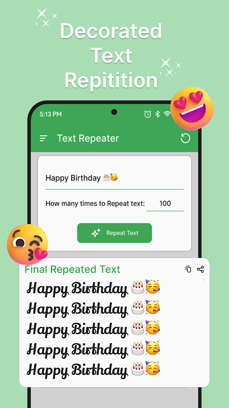 Повторитель текста позволяет повторять текст, включая смайлики и специальное форматирование, и идеально подходит для любого случая. Хотите ли вы послать веселую шутку или любовное послание, наше приложение сделает это без труда.
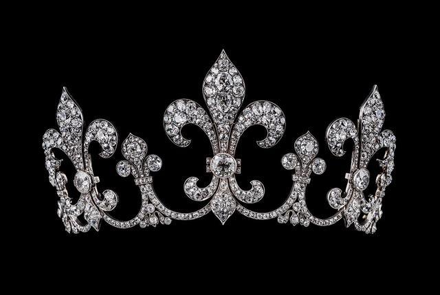 比如,百合冠冕来自波旁家族,曾属于波旁‐帕尔马王妃玛丽亚·安娜(Maria Anna)。这顶冠冕上的钻石曾被镶嵌于法兰西国王查理十世(Charles X)的圣灵骑士勋章,从勋章上取下后,传给了查理十世的曾孙、帕尔马公国统治者罗贝托一世(Robert I),后经家族委托,由维也纳珠宝商许布纳重新镶嵌在冠冕上。
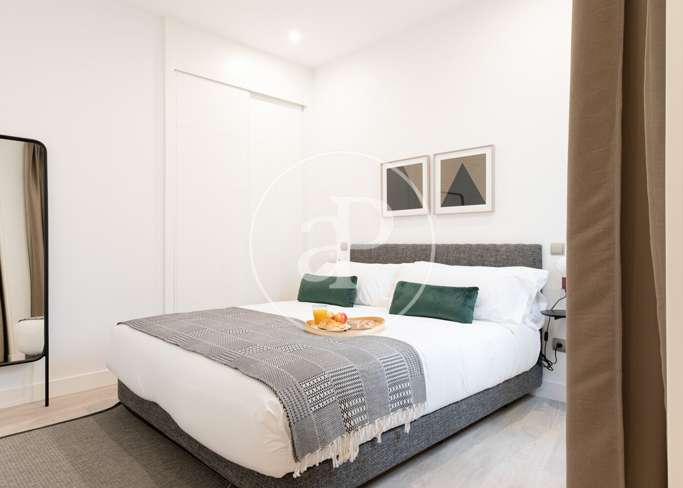 The master bedroom offers a double bed and built-in wardrobes providing ample storage, while the second bedroom has a single bed, ideal as an extra room, office, or guest room. The bathroom features a modern shower and contemporary finishes.
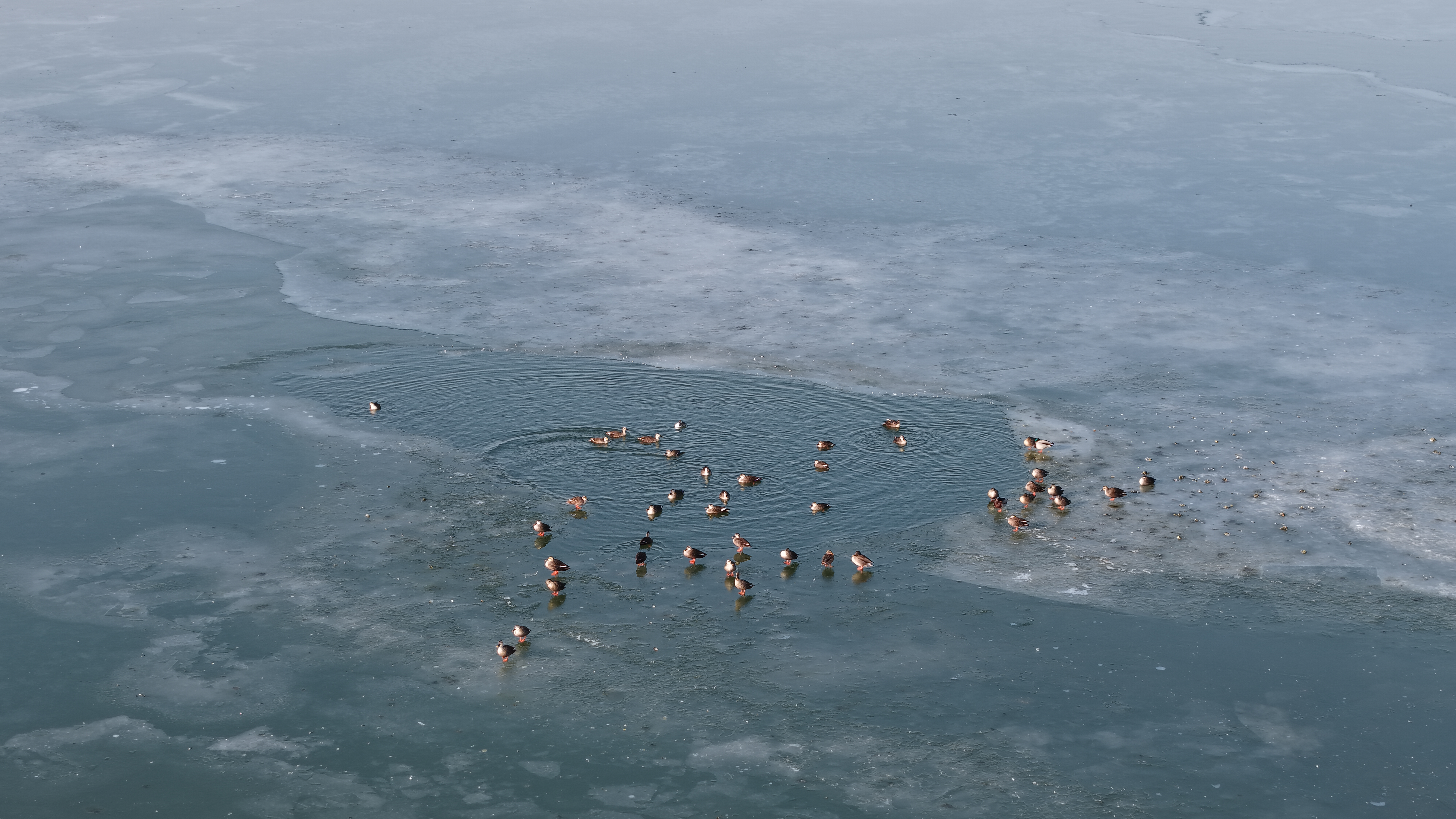 在这众多鸭类中,尤为珍稀的当数青头潜鸭。它们体型小巧,却有着独特的魅力,眼睛呈白色,宛如夜空中闪烁的星辰,醒目而灵动。它们常悄然藏于鸭群,时而趁鸭群喧闹,轻游至冰面边缘水草密处,动作轻盈如微风拂水。时而头扎入水中,凭借灵活身姿在水下觅食,眨眼消失,只留涟漪,为这片充满生机的冰面,更添了一份神秘与珍贵。
=-=-=-=-=
**Work required**. Would you print the whole listing exactly, omitting the pictures?

**Answer box**.
 Повторитель текста позволяет повторять текст, включая смайлики и специальное форматирование, и идеально подходит для любого случая. Хотите ли вы послать веселую шутку или любовное послание, наше приложение сделает это без труда.
 比如,百合冠冕来自波旁家族,曾属于波旁‐帕尔马王妃玛丽亚·安娜(Maria Anna)。这顶冠冕上的钻石曾被镶嵌于法兰西国王查理十世(Charles X)的圣灵骑士勋章,从勋章上取下后,传给了查理十世的曾孙、帕尔马公国统治者罗贝托一世(Robert I),后经家族委托,由维也纳珠宝商许布纳重新镶嵌在冠冕上。
 The master bedroom offers a double bed and built-in wardrobes providing ample storage, while the second bedroom has a single bed, ideal as an extra room, office, or guest room. The bathroom features a modern shower and contemporary finishes.
 在这众多鸭类中,尤为珍稀的当数青头潜鸭。它们体型小巧,却有着独特的魅力,眼睛呈白色,宛如夜空中闪烁的星辰,醒目而灵动。它们常悄然藏于鸭群,时而趁鸭群喧闹,轻游至冰面边缘水草密处,动作轻盈如微风拂水。时而头扎入水中,凭借灵活身姿在水下觅食,眨眼消失,只留涟漪,为这片充满生机的冰面,更添了一份神秘与珍贵。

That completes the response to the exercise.